A new study by researchers at the U.S. Department of Energy’s Oak Ridge National Laboratory (ORNL) highlights how the way grid-scale battery energy storage systems (BESS) are operated can significantly influence their aging, performance, and long-term economics. The findings, presented at the 2026 IEEE Electrical Energy Storage Applications and Technologies (EESAT) Conference, demonstrate how advanced simulations can help optimize battery system design before deployment.
According to ORNL researchers, the team developed a physics-based, high-performance computing (HPC) modeling framework capable of simulating battery degradation from individual cells to complete battery packs. The framework can analyze more than 10,000 lithium-ion cells simultaneously, enabling engineers to evaluate how different operating strategies affect battery health over hundreds of charge-discharge cycles in a fraction of the time required for conventional testing.
The simulations compared two common grid applications—frequency regulation and energy arbitrage—and found that each creates distinct degradation pathways within lithium-ion batteries.

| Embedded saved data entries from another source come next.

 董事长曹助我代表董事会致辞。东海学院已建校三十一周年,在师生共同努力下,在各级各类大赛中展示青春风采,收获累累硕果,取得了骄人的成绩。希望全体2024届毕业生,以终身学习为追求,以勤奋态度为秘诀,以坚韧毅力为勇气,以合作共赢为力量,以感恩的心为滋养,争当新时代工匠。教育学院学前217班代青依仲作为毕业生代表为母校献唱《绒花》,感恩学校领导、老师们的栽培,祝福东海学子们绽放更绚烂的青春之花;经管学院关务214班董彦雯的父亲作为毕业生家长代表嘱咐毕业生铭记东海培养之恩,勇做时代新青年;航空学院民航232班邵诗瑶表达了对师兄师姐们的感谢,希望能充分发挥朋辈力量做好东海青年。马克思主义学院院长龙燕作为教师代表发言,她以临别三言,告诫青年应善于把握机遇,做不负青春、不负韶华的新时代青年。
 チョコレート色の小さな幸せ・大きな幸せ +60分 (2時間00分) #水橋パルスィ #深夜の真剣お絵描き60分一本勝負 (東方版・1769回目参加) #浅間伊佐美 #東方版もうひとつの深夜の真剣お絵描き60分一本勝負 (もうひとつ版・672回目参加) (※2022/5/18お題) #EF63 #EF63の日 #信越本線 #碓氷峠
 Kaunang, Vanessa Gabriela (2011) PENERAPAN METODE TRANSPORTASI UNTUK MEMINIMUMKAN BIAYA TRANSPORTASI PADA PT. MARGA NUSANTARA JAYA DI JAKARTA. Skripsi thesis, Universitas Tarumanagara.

While frequency regulation involves frequent, shallow charge-discharge cycles, energy arbitrage requires deeper cycling, resulting in faster battery wear. The researchers also observed that combining multiple grid services could help balance immediate revenue opportunities with long-term battery lifetime and replacement costs.
The study further revealed that battery aging is influenced not only by operating conditions but also by electrical architecture. Low-voltage battery systems exhibited greater variation in cell degradation than high-voltage configurations, underscoring the importance of system design in improving performance consistency across large-scale storage installations.

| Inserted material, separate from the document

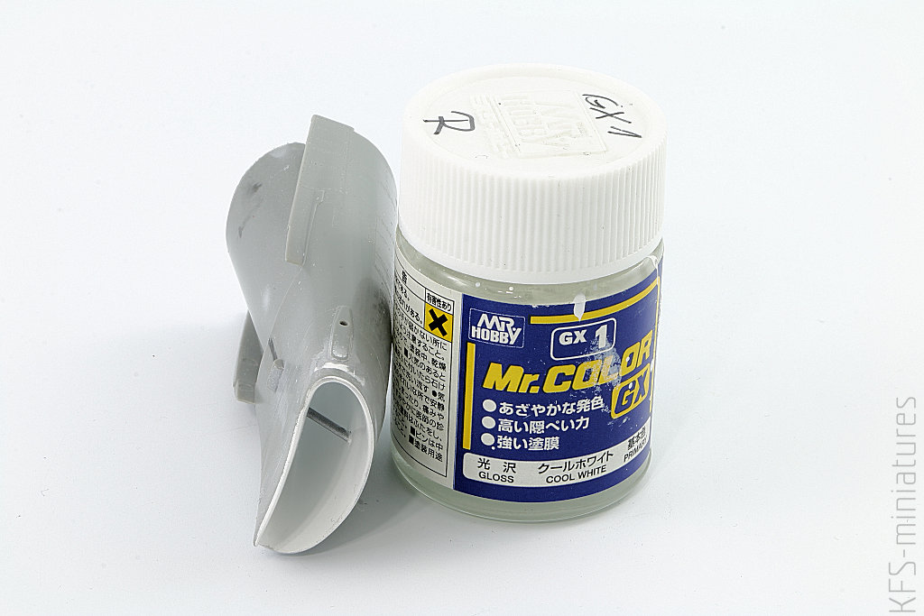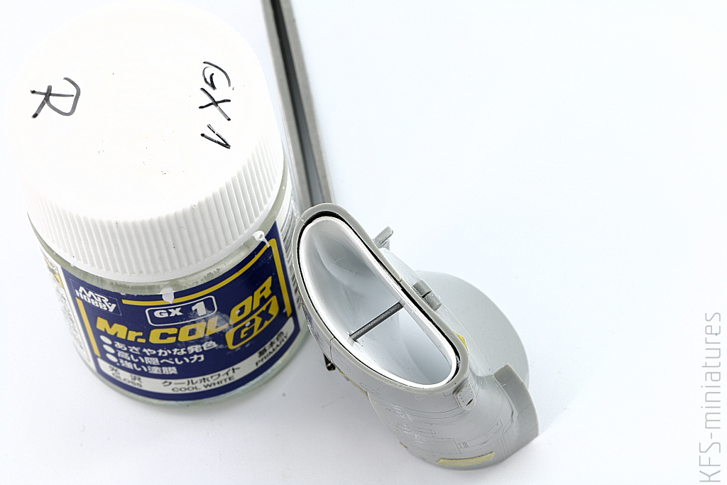 W następnym kroku pomalowałem te same powierzchnie docelowym lakierem, czyli Gunze GX-1 – bardzo błyszczącą bielą.

According to Oak Ridge National Laboratory, the modeling framework could significantly reduce the need for extensive full-system testing while accelerating the development of more durable and cost-effective BESS deployments. The research team plans to expand the framework to evaluate additional battery chemistries, operating temperatures, and real-world use cases, including battery systems supporting AI data centers, paving the way for smarter and longer-lasting energy storage solutions.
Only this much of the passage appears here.